Fig. 7 is a schematic diagram illustrating an application scenario of a conference environment of an audio signal processing method according to an embodiment of the present application. As shown in fig. 7, in a conference environment, an audio interaction device 70 and conference participants participating in the conference, such as a speaker 71, a speaker 72, a speaker 74, a speaker 75, and a speaker 76, are included. The audio interaction device 70 includes a microphone array for collecting audio signals, a wake-up recognition system, and a voice control system.
in this application scenario, the conference participants are all within the recognition range of the audio interaction device 71, and send control commands to the audio interaction device 71 through voice.

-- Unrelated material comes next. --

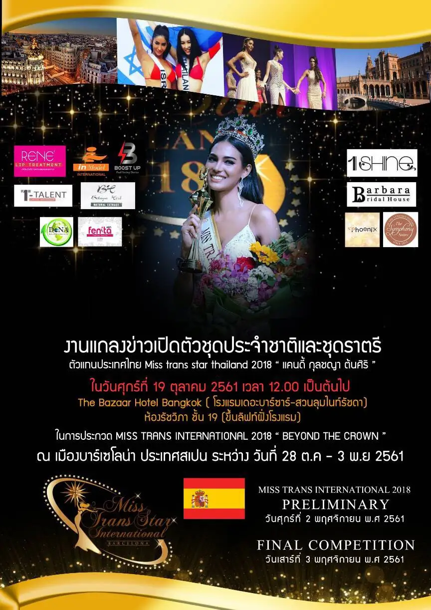 เข้มข้นถึงใจกองเชียร์สุดๆ สำหรับการประกวด “Miss Trans Star Thailand 2018 เวทีนางงามสาวประเภทสองอันดับต้นๆ ของประเทศไทย ซึ่งปีนี้สาวนัยน์ตาคม ผิวแทน มาแรงแซงทางโค้ง “แคนดี้-กุลชญา ตันศิริ” คว้ามงการันตีสวย-เก่งที่สุดบนเวที “Miss Trans Star Thailand 2018 โดยมี “สมชัย รัตนวรางกูร” ผู้อำนวยการกองประกวด “Miss Trans Star Thailand 2018” เตรียมพร้อมจัดหนักจัดเต็มกับงานแถลงข่าวเปิดตัวชุดประจำชาติและชุดราตรีไปแล้วเมื่อวานก่อน โดยตัวแทนประเทศไทย Miss Trans Star Thailand 2018 คนล่าสุด แคนดี้-กุลชญา เซอร์ไพร้ส์มาในชุดราตรีที่เปิดตัวในวันแถลงข่าวแบบอลังการงานสร้าง และยังมีอีกหลายชุดที่กองประกวดได้เตรียมไปใช้ในการแข่งขัน พร้อมเซอร์ไพร้ส์นี้ให้ได้เห็นเป็นประจักษ์สายตาพร้อมกันที่ประเทศสเปน

As shown in fig. 7, the microphone arrays in the audio interaction device 71 may be used to capture audio signals from participants in different orientations. Further, the positions of the conference participants such as the talker 71, the talker 72, the talker 74, the talker 75, and the talker 76 are relatively fixed, a plurality of directions of beam formation are set in advance according to the position of each conference participant with respect to the microphone array, and a beam is formed in a plurality of directions by using the mixed audio signal collected by the microphone array to perform directional selection on the audio signal, so that the sound waves from the plurality of directions are enhanced to suppress sound signals in other directions, and a plurality of sound source target positions to be candidates can be obtained.
In one embodiment, the audio interaction device 71 may use multiple wake-up recognition components to wake-up detect sound source target locations from multiple candidates. If the wake-up result of one of the wake-up components is wake-up success, which indicates that the voice control system is woken up by the audio signal from the user 62, the state of the voice control system is set to be working.

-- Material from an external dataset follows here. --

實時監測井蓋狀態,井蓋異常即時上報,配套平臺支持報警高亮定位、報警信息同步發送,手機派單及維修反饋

After the voice control system in the audio interaction device 71 is awakened, the matched target data can be searched in the database according to the voice recognition result of the received audio signal, and then the voice control system is controlled to execute the corresponding function according to the control instruction corresponding to the searched target data.

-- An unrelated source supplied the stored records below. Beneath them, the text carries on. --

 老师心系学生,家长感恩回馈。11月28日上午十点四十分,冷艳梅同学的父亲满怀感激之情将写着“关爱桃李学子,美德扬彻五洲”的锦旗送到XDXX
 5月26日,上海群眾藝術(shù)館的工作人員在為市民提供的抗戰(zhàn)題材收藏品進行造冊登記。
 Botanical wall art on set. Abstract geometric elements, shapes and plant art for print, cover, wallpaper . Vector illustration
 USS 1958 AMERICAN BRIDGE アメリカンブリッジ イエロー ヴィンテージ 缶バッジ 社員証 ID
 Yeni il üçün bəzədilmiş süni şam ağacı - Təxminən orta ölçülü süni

fig. 8 is a flowchart illustrating an audio signal processing method according to another embodiment of the present invention. As shown in fig. 8, the audio signal processing method 200 in the embodiment of the present invention may include the steps of:
Step S210, processing the audio signal received by the microphone array to obtain multiple beams in multiple directions.
Step S220, performing sound source target detection on the audio signals in the multiple paths of beams, and determining candidate multiple sound source target positions.
Step S230 is to perform wake-up recognition on audio signals from a plurality of candidate sound source target positions in parallel using a plurality of wake-up recognition components.
Step S240, determining a final wake-up state according to the wake-up recognition result.
According to the processing method provided by the embodiment of the invention, the low-power consumption simultaneous monitoring and awakening of multiple paths acquired by the microphone array can be realized, the processing efficiency is improved, and a better multi-person voice interaction effect is achieved.
In an embodiment, step S210 may specifically include:
Step S211, performs echo cancellation processing on the received audio signal.
Step S212, the audio signal after the echo cancellation process is converted from the time domain to the frequency domain.
Step S213 performs beamforming processing on the frequency domain audio signal in multiple directions to obtain multiple paths of beams for multiple directions.
In an embodiment, step S210 may further include:
In step S214, noise suppression processing is performed on the multiple beams.
and step S215, performing noise reduction processing on the multi-path wave beams after the noise suppression processing by using a post filter to obtain signal enhanced multi-path wave beams.
In this embodiment, noise and interference are filtered out from the audio signal of the multi-beam by a noise suppression process to extract a useful audio signal; the residual music noise can be further filtered through the post filter, so that a high-quality audio signal is obtained, and the fidelity of the processed audio signal is high.
In an embodiment, step S220 may specifically include:
step S221, sound source target detection of the audio signals in each path of wave beam is carried out through the estimation of the direction of arrival, and the angle of arrival of the audio signals in each path of wave beam is obtained.
step S222, regarding the direction of the beam of the audio signal whose angle of arrival satisfies the threshold range of the angle of arrival as the target position of the candidate sound source.
In this embodiment, the direction of arrival estimation is performed using the array signals, the sound source position of each beam is detected, and the candidate sound source target position is determined.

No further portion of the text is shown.